Here we present a scenario that decay instability can occur simultaneously at various angles to the mean magnetic field, generating a number of second-order fluctuations or waves (after the pump wave as the first-order fluctuation). We refer to the simultaneous decay as “multi-channel couplings” following the notion in scattering theory, for example, coupled channels in nuclear reactions (see, e.g., Tamura1969; Tobocman1975). Our goal is to study the hypothesis or the scenario of the multi-channel coupling by running a three-dimensional hybrid plasma simulation in a low-beta plasma setup.

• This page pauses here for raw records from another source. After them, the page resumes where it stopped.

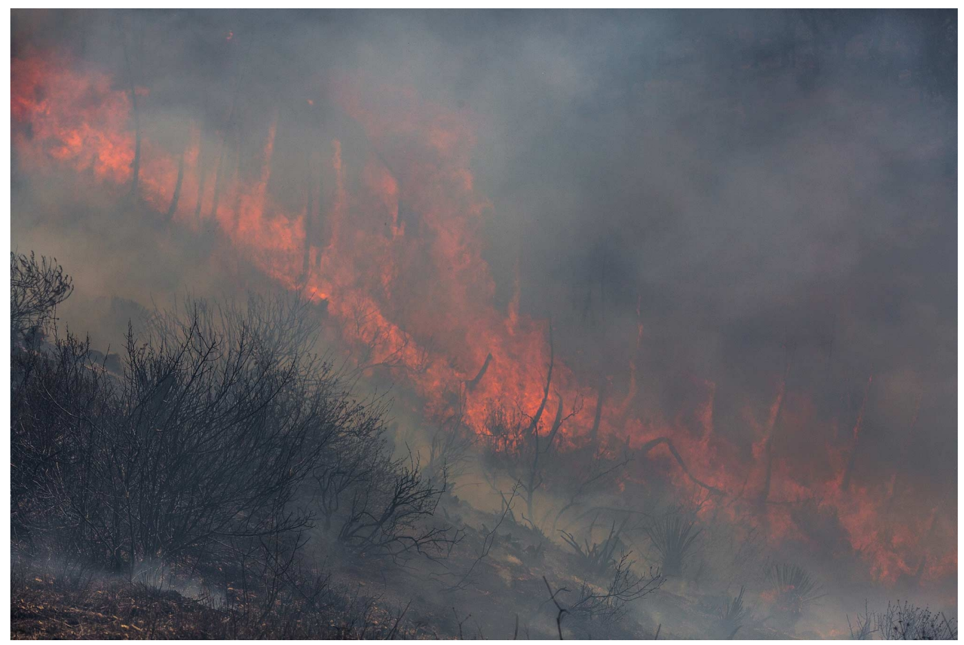
Flames engulf the hillside, providing a stark image of the future that prescribed burns aim to avoid. Image
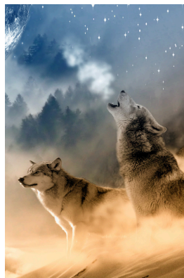
WOLF - TIER 2 $25,000.00
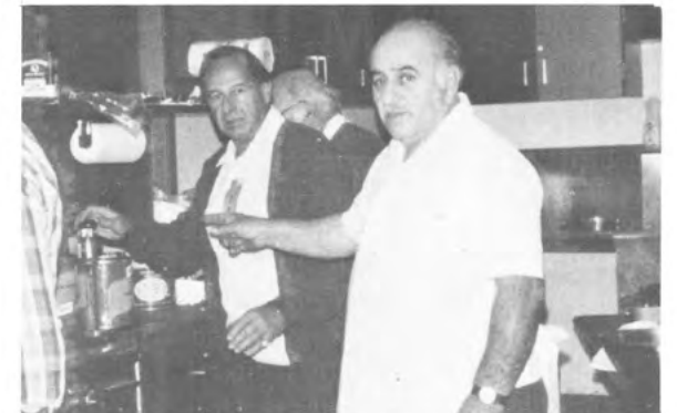
The chefs at work
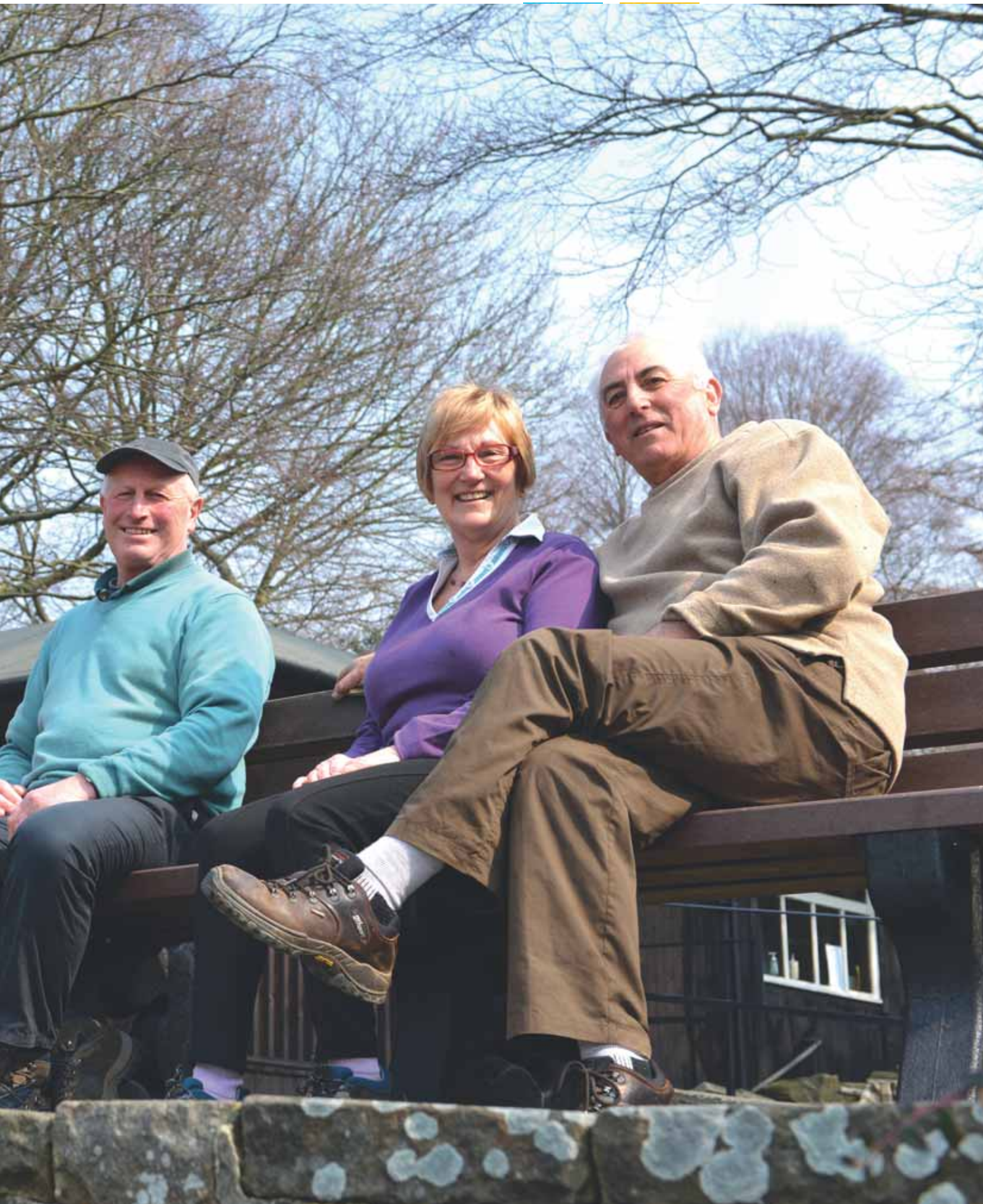
Product featured: Peak Bench
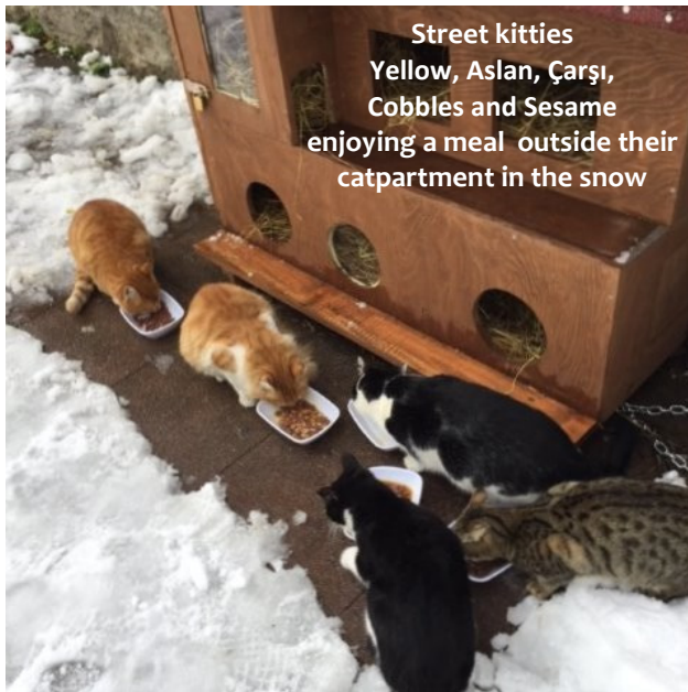
Street kitties Yellow, Aslan, Çarşı, Cobbles and Sesame enjoying a meal outside their catpartment in the snow
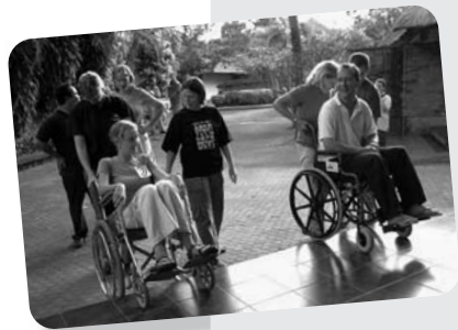
VSO Indonesia sensitisation sessions

The Disability Programme Manager facilitated the session. The cost of the session was the photocopying of the booklets provided. Equipment (wheelchairs, crutches, blindfolds, scarves, etc) were borrowed or improvised.

2 Hybrid plasma simulation

## 2.1 Simulation run

A hybrid plasma simulation is carried out to verify the hypothesis of the multi-channel coupling in the low-beta decay instability. We use the AIKEF hybrid code in a three-dimensional spatial configuration. The size of the simulation box in each direction is L=288di, and (576)3 computational cells are set, containing 1000 super-particles in each cell. The length scale is normalized to the ion inertia length ${d}_{i}={V}_{\mathrm{A}}/{\mathrm{\Omega }}_{\mathrm{p}}$, where VA and Ωp are the Alfvén velocity and the ion gyro-frequency (for protons), respectively. The values of ion and electron betas used in the simulation are ${\mathit{\beta }}_{i}={\mathit{\beta }}_{e}=\mathrm{0.01}$. This low value of beta (the equivalent fluid beta in the simulation is β=0.02) ensures a faster linear growth and an earlier nonlinear saturation of the parametric instabilities. The magnetic-field amplitude of the Alfvén pump wave (normalized to the value of the background magnetic field) has a value of 0.2. The simulation is halted at a time of tΩp=600, shortly after the saturation of the decay instability.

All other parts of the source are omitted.